Ovviamente, si potrebbe dubitare della fonte: Varoufakis è stato accusato da molti di essere una sorta di dilettante con scarsa esperienza, e per di più parte in causa. Ma il punto è che effettivamente la Grecia ha fatto i compiti a casa, come mostra il quadro compilato a partire dal database macroeconomico della Commissione:
Dalla figura si può vedere come la Grecia abbia migliorato di quasi 20 punti il proprio saldo strutturale (passando da un deficit ad un surplus, al netto degli interessi, che le consente di guardare ad un eventuale default con un po’ più di serenità), e soprattutto come questo sia avvenuto principalmente attraverso una riduzione importante della spesa. Il programma della Troika è stato applicato meglio rispetto alla media dell’Eurozona. Anzi, anche meglio di quanto non abbia fatto l’alunno modello, la Spagna (in cui peraltro, nonostante una soddisfacente performance economica recente, il recente voto a Podemos mostra un’insofferenza all’austerità simile a quella che ha portato al potere SYRIZA).
Il problema è che nessun Paese ha mai potuto sostenere avanzi primari importanti e prolungati come quelli che dal 2010 vengono chiesti alla Grecia, senza che questi portassero ad una crisi peggiore di quella che si voleva curare. E anche assumendo che alla fine Tsipras ceda, un nuovo programma simile a quelli passati ritarderebbe la ripresa economica, e farebbe riemergere gli stessi problemi tra uno, due o cinque anni. Sempre che nel frattempo le sempre più forti spinte centrifughe, in Grecia o altrove non abbiano portato alla fine dell’Eurozona.

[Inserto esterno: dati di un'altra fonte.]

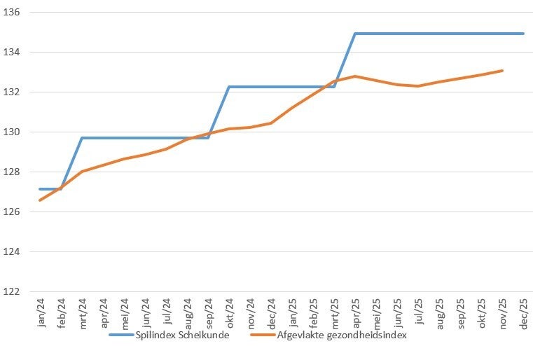 Wanneer de afgevlakte gezondheidsindex de spilindex bereikt of overschrijdt, stijgen de lonen met 2%.
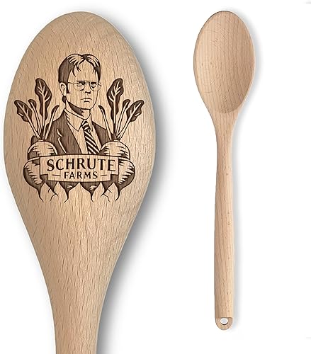 The Laser Factory Cuillère en bois inspirée de The Office Dwight Schrute – Inscription Schrute Farms – Cadeau de cuisine amusant pour homme et femme – Article de fan non officiel (Schrute Farms)
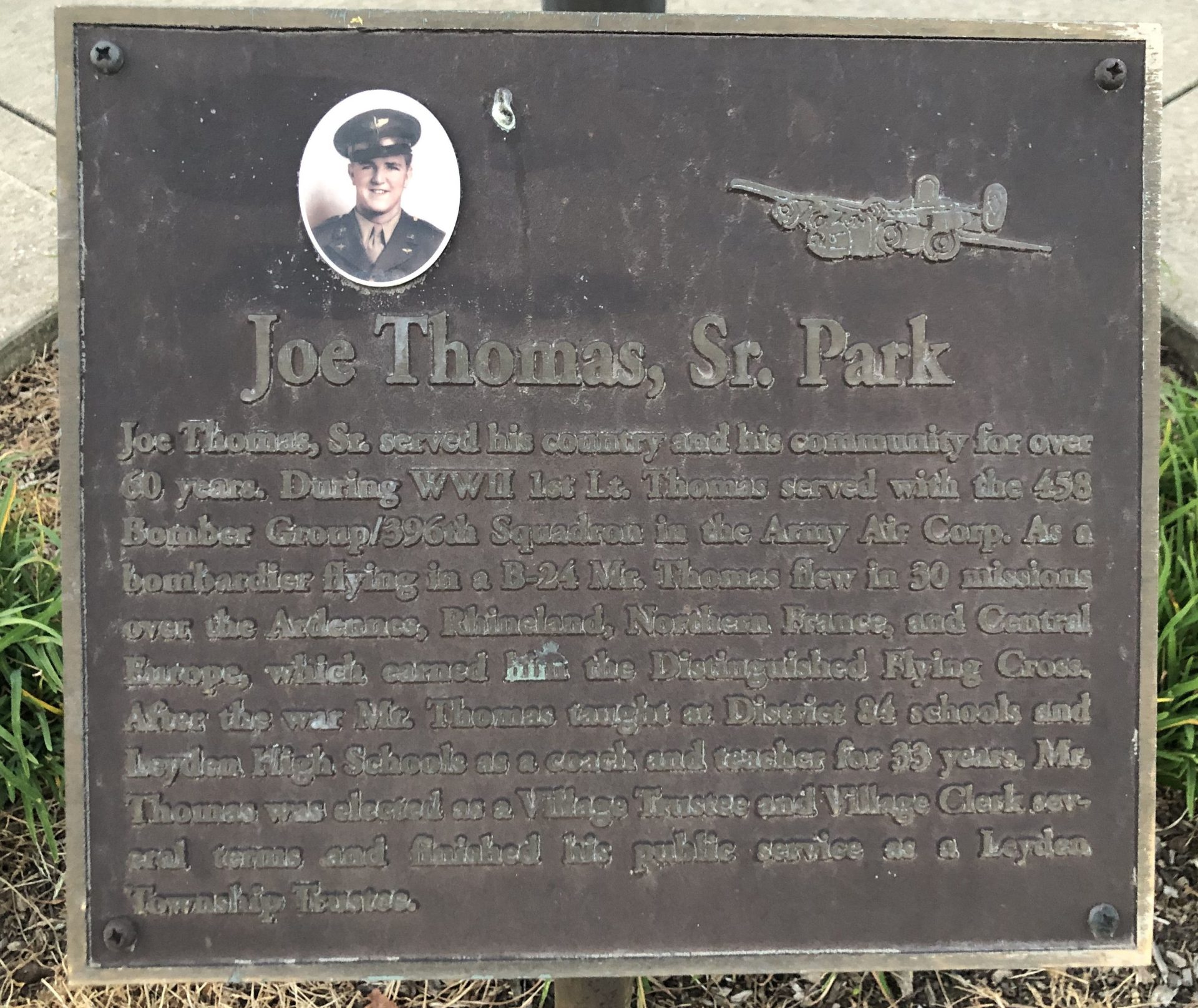 Joe Thomas, Sr. served his country and his community for over 60 years. During WWII 1st Lt. Thomas served with the 458 Bomber Group/396th Squadron in the Army Air Corp. As a bombadier flying in a B-24 Mr. Thomas flew in 30 missions over the Ardennes, Rhineland, Northern France, and Central Europe, which earned him the Distinguished Flying Cross. After the war Mr. Thomas taught at District 84 schools and Leyden High Schools as a coach and teacher for 33 years. Mr. Thomas was elected as a Village Trustee and Village Clerk several terms and finished his public service as a Leyden Township Trustee.
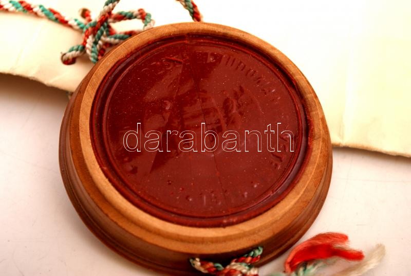 Beschreibung: 1938 Pécs, az Erzsébet Tudományegyetem politikatudományi doktori oklevele, okmánybélyeggel, fatokos függőpecséttel
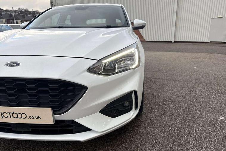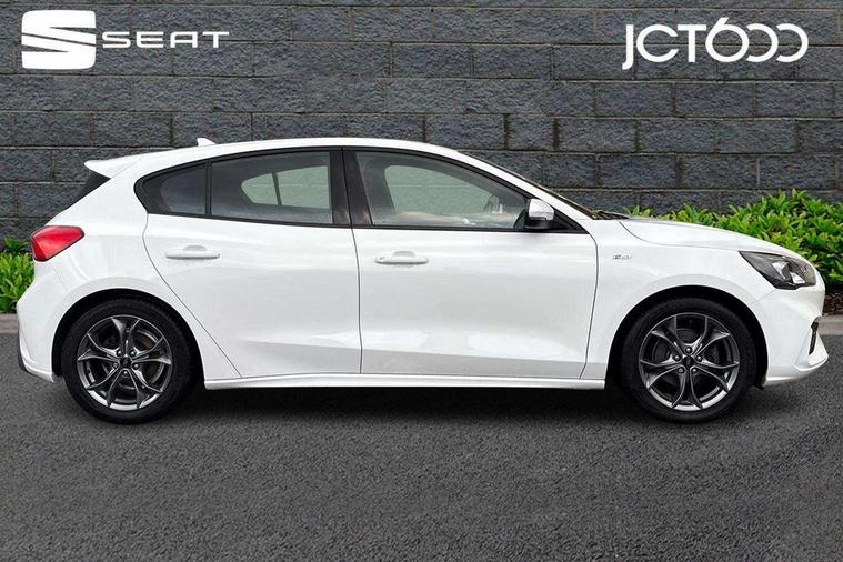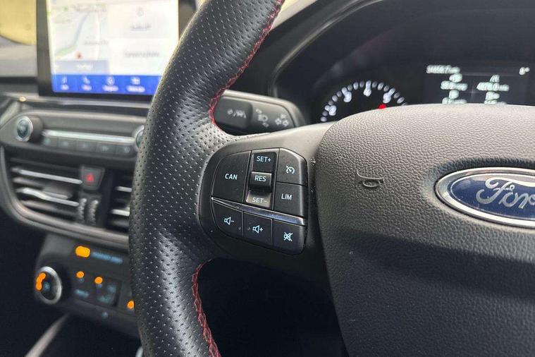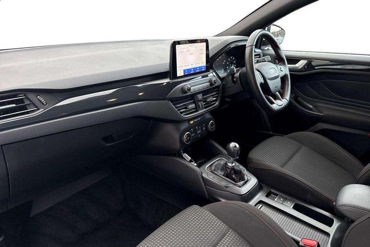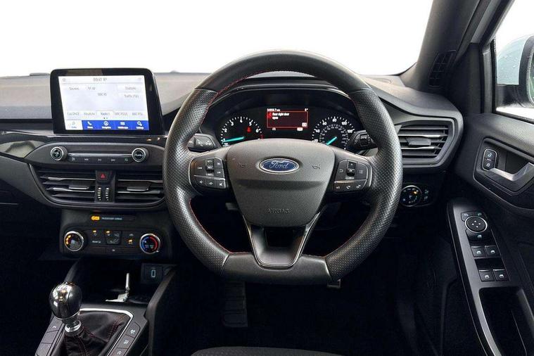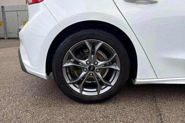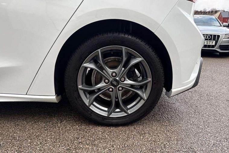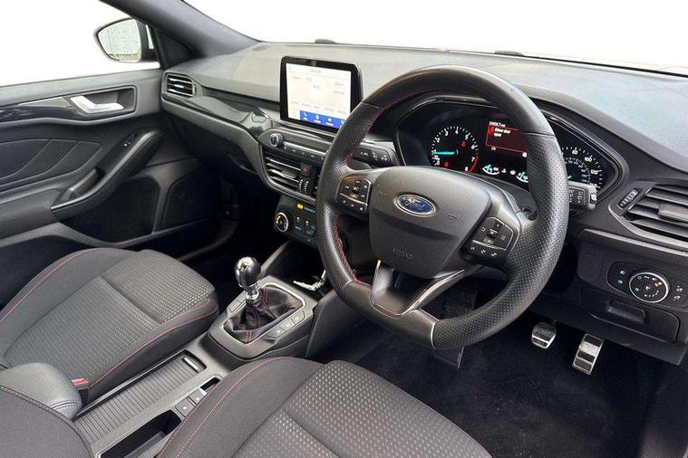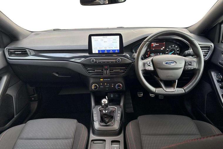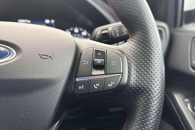 Bluetooth system, Digital clock, Easy fuel capless refuelling system, Eco mode, Ford pass connect, Ford SYNC 3 with 8" TFT touchscreen, and app link Android auto/Apple carplay, Intelligent speed assist, Lane keeping aid with lane departure warning, PAS, Selectable drive mode, Trip computer, Sports tuned suspension, 6 speakers, Aux input, 'Quickclear' heated windscreen/heated washer jets, Auto headlamps (on/off), Body colour large rear spoiler, Body colour side skirt, Body coloured bumpers, Body coloured door handles, Body coloured electrically operated and heated door mirrors with side indicators, Electrically operated front and rear windows with one touch opening and closing, Front variable intermittent wipers with electric wash, Halogen reflector headlamps, Heated rear window, LED daytime running lamp, LED front fog lamps with cornering function, Polished twin tailpipe, ST-Line upper and lower grille with full body styling kit and wing badges, Tailgate wash/wipe, 3 spoke flat bottomed leather steering wheel with red stitching, 60/40 split back and cushion rear seats with 2 height adjustable headrests, Alloy finish pedals, Aluminium gear knob, Centre console with armrest, Cloth upholstery with red stitching, Dark headliner, Driver's lumbar support, Front floor mats, Height adjustable front headrests, Isofix child seat preparation, Manual air conditioning, Reach + rake adjustable steering column, Rear centre headrest, ABS+Electronic Brake force Distribution, Auto hold function, Driver airbag, Electronic parking brake, Electronic stability control, Front and rear seatbelt reminder, Front inertia reel height adjustable seatbelts with pre-tensioners, Front passenger airbag, Front side airbags, Hill start assist, Passenger airbag deactivate switch, Post collision braking, Pre collision assist with autonomous emergency braking and pedestrian/cyclist detection, Side curtain airbags, Three rear inertia reel lap/diagonal seatbelts, Tyre pressure monitoring system, Keyless start with 'Ford Power' starter button, MyKey system, Remote central locking & engine immobiliser, Thatcham category 1 alarm, Contrast stitching - Red, 17" 5x2 spoke alloy wheels with rock metallic finish, Mini steel spare wheel,
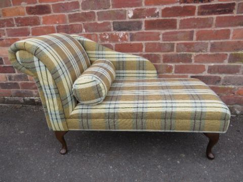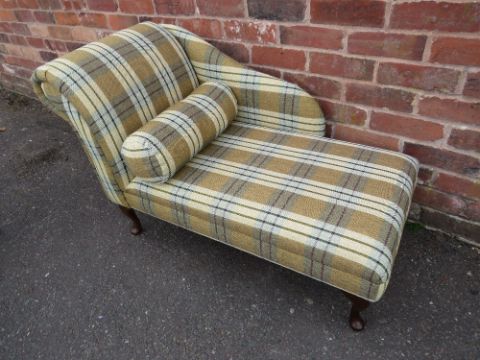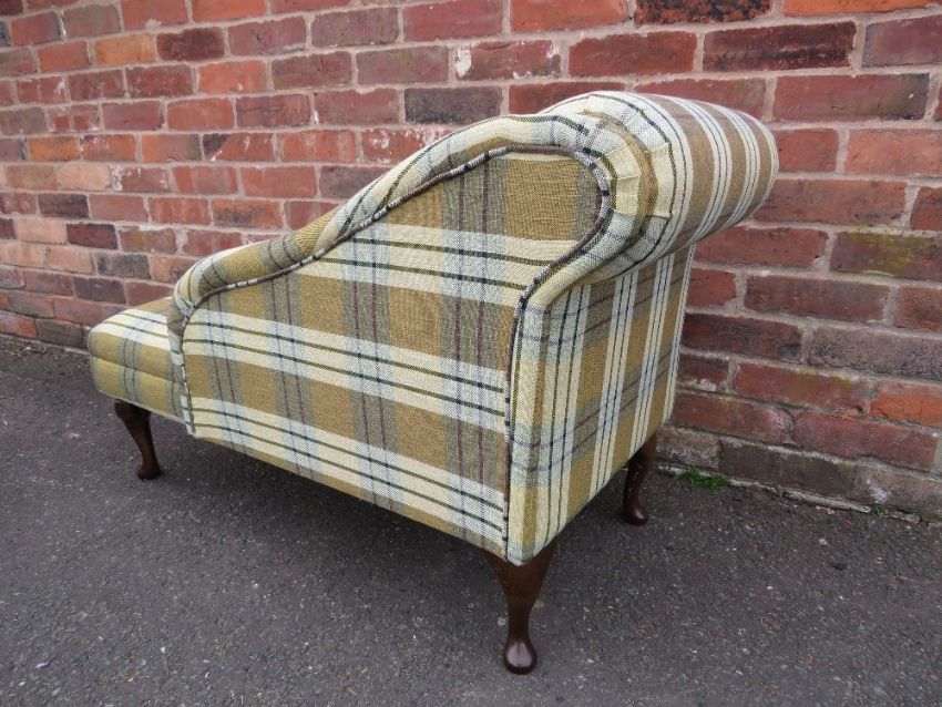 A MODERN CHECKED SMALL CHAISE LONGUE W-110 CM

Questo vuol dire che occorre augurarsi una Grexit? Certamente no. Sono troppe le incognite legate ad un default disordinato, con o senza “valute parallele”. Nel breve periodo la crisi greca si farebbe ancora più acuta, e nonostante la fiducia delle istituzioni europee, la capacità di tenuta delle altre economie in difficoltà (inclusa l’Italia) sarebbe tutta da dimostrare. In una prospettiva più lunga sono troppe le variabili da considerare per poter fare previsioni sensate. Certo è che se per la Grecia l’uscita si rivelasse una strategia vincente nel medio termine, la tentazione di altri Paesi di seguirne le traccie sarebbe difficile da arginare, e questo significherebbe la fine della moneta unica.
La soluzione al pasticciaccio greco non può che essere fondata su due pilastri fondamentali. Il primo è una ristrutturazione del debito (come chiesto a gran voce dal FMI), che si accompagni all’impegno di attuare le riforme che lo stesso governo greco afferma di voler mettere in atto (e come dimostrano le stesse valutazioni più recenti del Fondo, il riflesso di andare a toccare sempre il mercato del lavoro non è necessariamente il migliore). Per la Grecia, la sostenibilità nel medio periodo passa per un debito più sostenibile, accompagnato da un miglior funzionamento dello Stato, e da finanze pubbliche moderatamente in attivo. Ogni altra soluzione è semplicemente velleitaria.
Ma una volta messa in sicurezza la Grecia, l’Europa si dovrebbe interrogare sulla follia di cinque anni di austerità, e su una governance macroeconomica disegnata per escludere qualunque assorbimento di shock asimmetrici, e per impedire politiche attive da parte dei governi e della Banca Centrale.